Points That Differentiate Between Accounting Concept and Convention
The systematic recording, reporting, and analysis of financial transactions of a business are the facts that impact the accounting of a firm. The main fact is that accounting allows a company to analyze the financial performance of the business and look at statistics such as net profit. We know that this is one of the most important subjects for students and they need appropriate guidance to know about the main facts. That’s the main reason we are ready to offer quality support to them through our best Accounting Concepts assignment help. So that students collect 100% precise information from our professional writers without any problem.
Accounting Concept: These are the fundamental accounting assumptions that mainly act as a foundation for recording business financial activities and maintain a report for the final accounts. These are also known as the main rules of the accounts that we need to follow to get a quality results.

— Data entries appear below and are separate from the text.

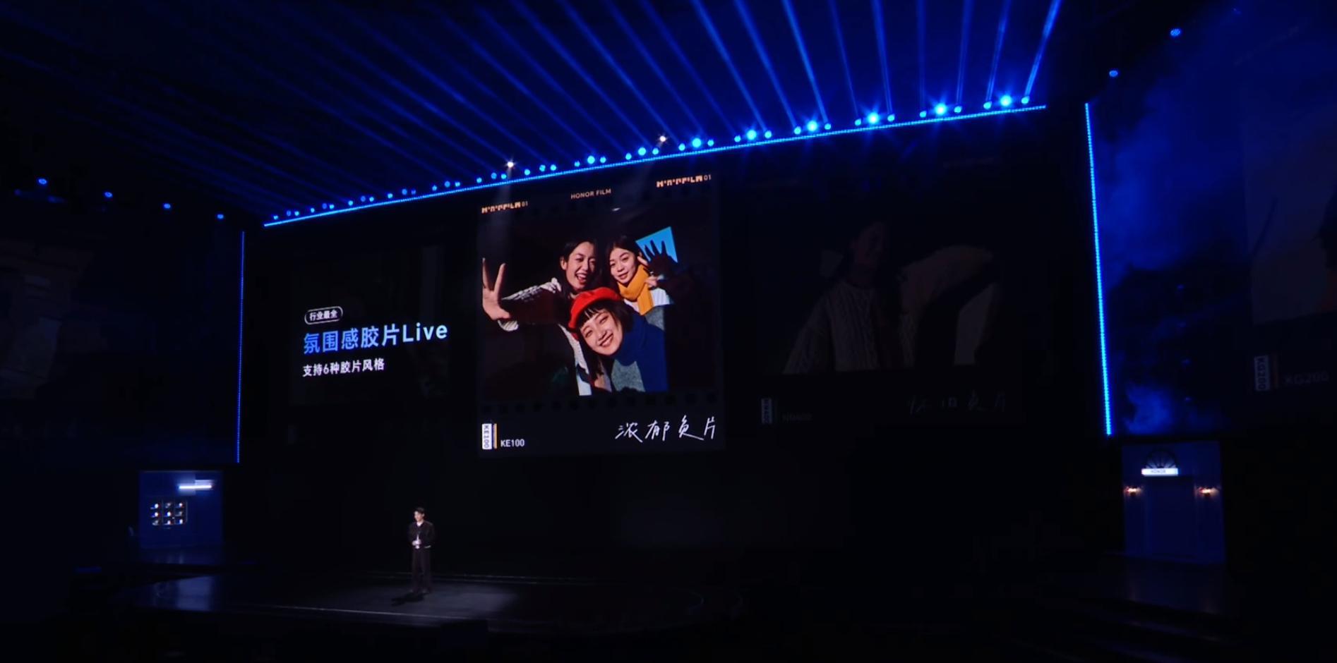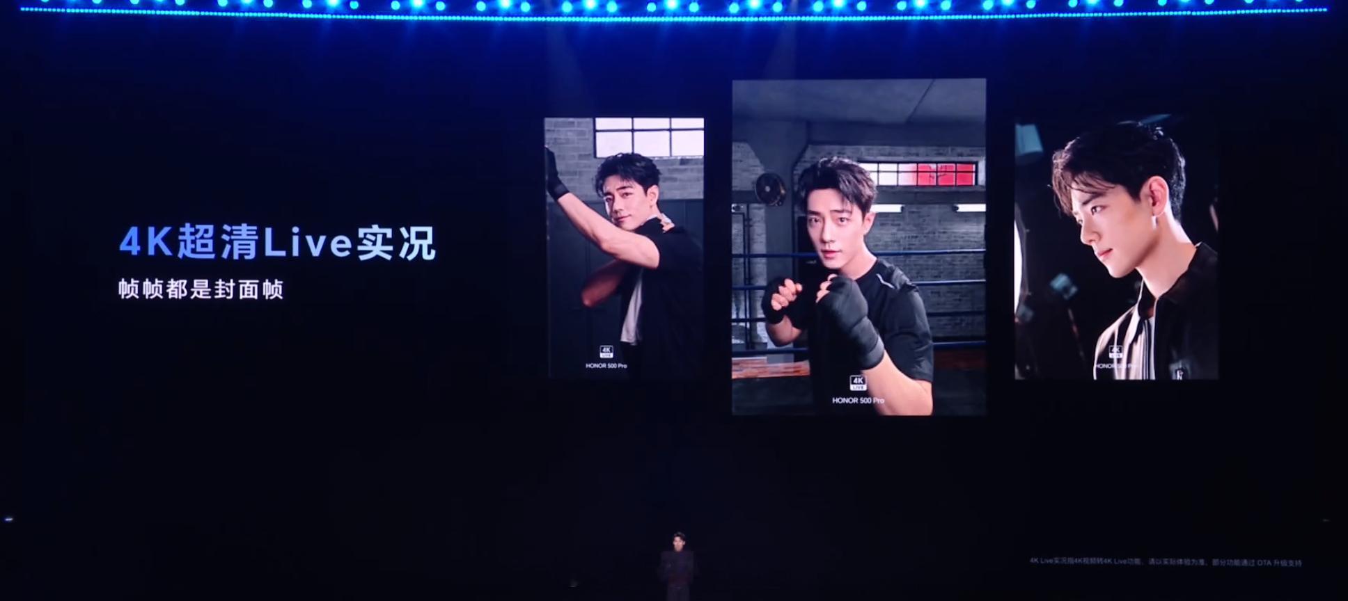 实况玩法挺多的,荣耀 500 系列行业首发破框而出 Live 特效,支持前后置 Live 人像美颜/虚化,4K 超清 Live。
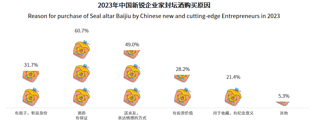 iiMedia Research(艾媒咨询)调研数据显示,新锐企业家购买封坛酒的原因是酒质有保证(60.7%),送亲友以表达情感(49.0%),有面子、彰显身份(31.7%)等。封坛酒因特殊的酿造工艺、存放年限长,口感口味相对更加丰富,酒体质量有一定的保障。封坛酒集功能价值、投资价值、收藏价值于一体,并充分满足人们精神和物质层面的双重需求,不仅是一种情感的表达,更是一种身份的象征。
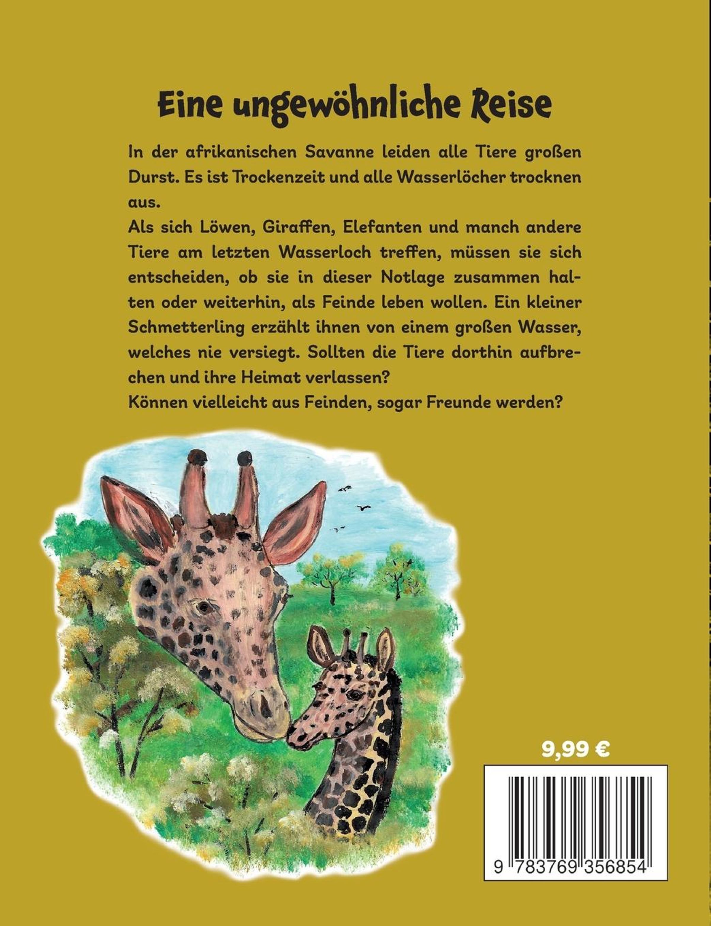 Ein kleiner Schmetterling erzählt ihnen von einem riesigen Wasser, welches unvorstellbar groß ist und nie austrocknet. Die Tiere wollen dort hin, doch nun müssen die Tiere zusammen halten und so werden aus Feinden, die besten Freunde.
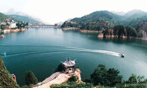太行三峽—京娘湖 東太行山武安市京娘湖,據(jù)馮夢龍編《警世通言》記載,宋太祖趙匡胤千里送京娘曾路宿于此山中。京娘是山西永濟(jì)人,年方十七歲, 隨父母去曲陽燒香還愿遭劫,幸遇趙匡胤拔刀相救,千里護(hù)送,京娘感恩不盡,欲以終身相托。然而趙曰:“賢妹非是俺膠注鼓瑟,本為義氣千里相送,今若就私情與那個(gè)響馬何異?況施恩圖報(bào)非君子所為 。”京娘道:“恩兄高見,妾今生不能補(bǔ)報(bào)大德,死當(dāng)銜環(huán)結(jié)草。 ”于是京娘投湖自盡,(后被追封為貞義夫人)京娘湖亦由此得名。 湖面呈倒“人”字型,分東西兩支,水面2445畝,水深20-50米。中間 山島建有“山頂公園”清山綠水與藍(lán)天白云相互輝映,薈萃人典故, 使此地有“太行三峽”之美稱,尤其是巖壁上當(dāng)年趙匡胤“云崖寄志 ”的題詞手跡“欲出未來光辣撻,千山萬水如火發(fā)。須臾走向天上來 ,趕卻殘星趕卻月”。及其它歷史傳說,使景區(qū)更加神秘誘人。這里 層巒疊嶂,群峰竟秀,波光粼粼,林林茂盛。夏季炎熱之時(shí),清爽宜 人,為避暑勝地。
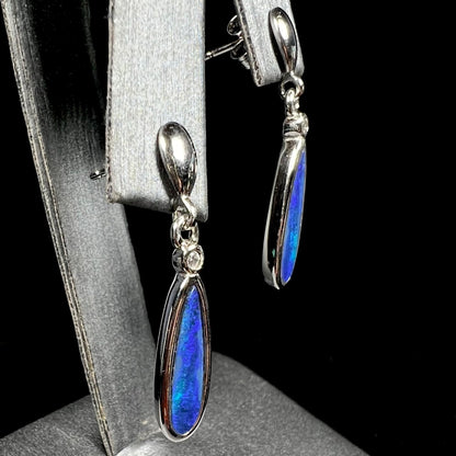 The rich blue body tone of these Austalian opal doublets pop in contrast to their sterling silver bezel mountings. Fixed to friction pushback posts, the opals dangle about three quarters of an inch from their connected silver studs.
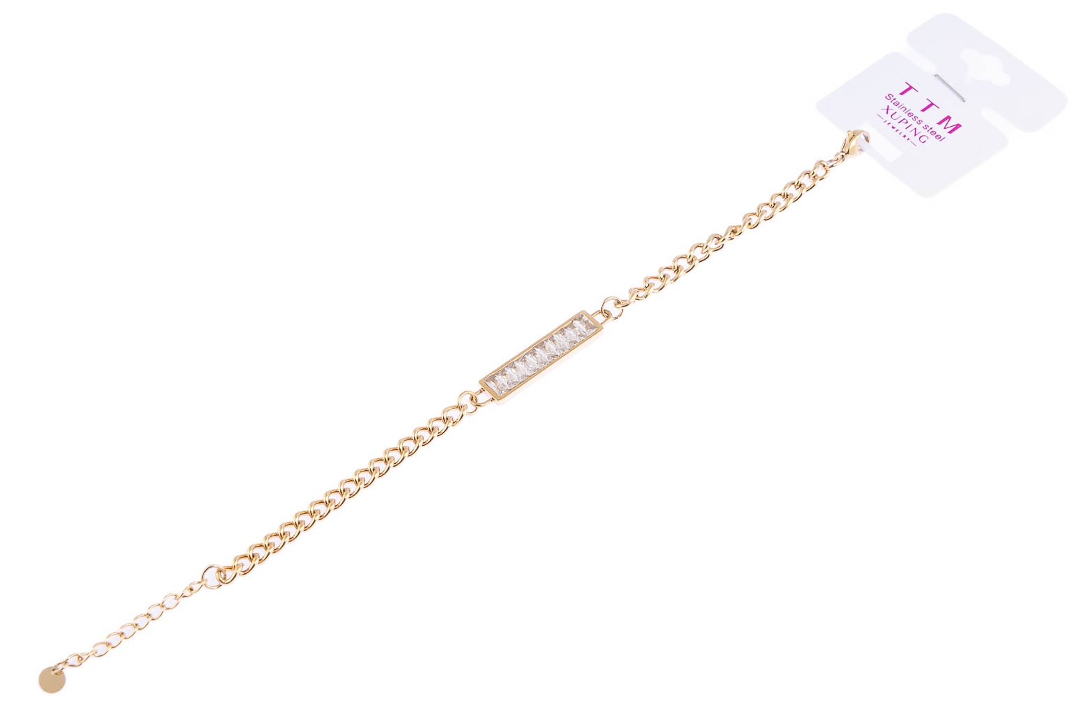 Elegancka bransoletka ozdobiona szlifowanymi kamieniami pięknie mieniącymi się. Bransoletka jest w kolorze złotym.

- Business Entity Concept: Under this concept, it is assumed that the business unit is distinct and entirely separated from its owners. Each and every transaction should be recorded in the books of accounts with a person’s name and other necessary information.
- Going Concern Concept: This concept assumes that the business entity has a continuity of life or the future of a business enterprise is to be prolonged or extended indefinitely of you can say that continued of the activity without any problem.
- Money Measurement Concept: All the transactions are expressed and interpreted in the term of money. The benefits of these expressions are that it provides a common denominator or unit of measurement by means of which heterogeneous facts about a business can be expressed in term of quantities which can either be added or subtracted.
- Accounting Period Concept: A business is assumed to continue indefinitely in order to ascertain the state of affairs of the business at different intervals. This method helps to measure the income generated during the specific accounting period which also helps to distribute the same periodically.
Accounting Convention: Conventions in accounting have been involved and developed to bring about uniformity in the maintenance of accounts. Conventions denote customers or traditions or usages which are in use for since long. The accountants have to adopt the usage or customs which are used as a guide in the preparations of accounting reports and statements.
- Convention of Disclosures: The convention requires that accounting statements should be honestly prepared and all significant information should be disclosed therein. This convention assumes greater importance in aspects of corporate organizations where the management is divorced from ownership.
- Conventions of Conservatism: Conservatism mainly refers to the policy of choosing the procedures that leads to understanding as against overstatement of resources and income.
- Convention of Consistency: Rules and practices of accounting should be continuously observed and applied. In order to enable the management to draw conclusions about the operations of a company over a number of years, it is necessary that the practice and methods of accounting remain unchanged from one period or another.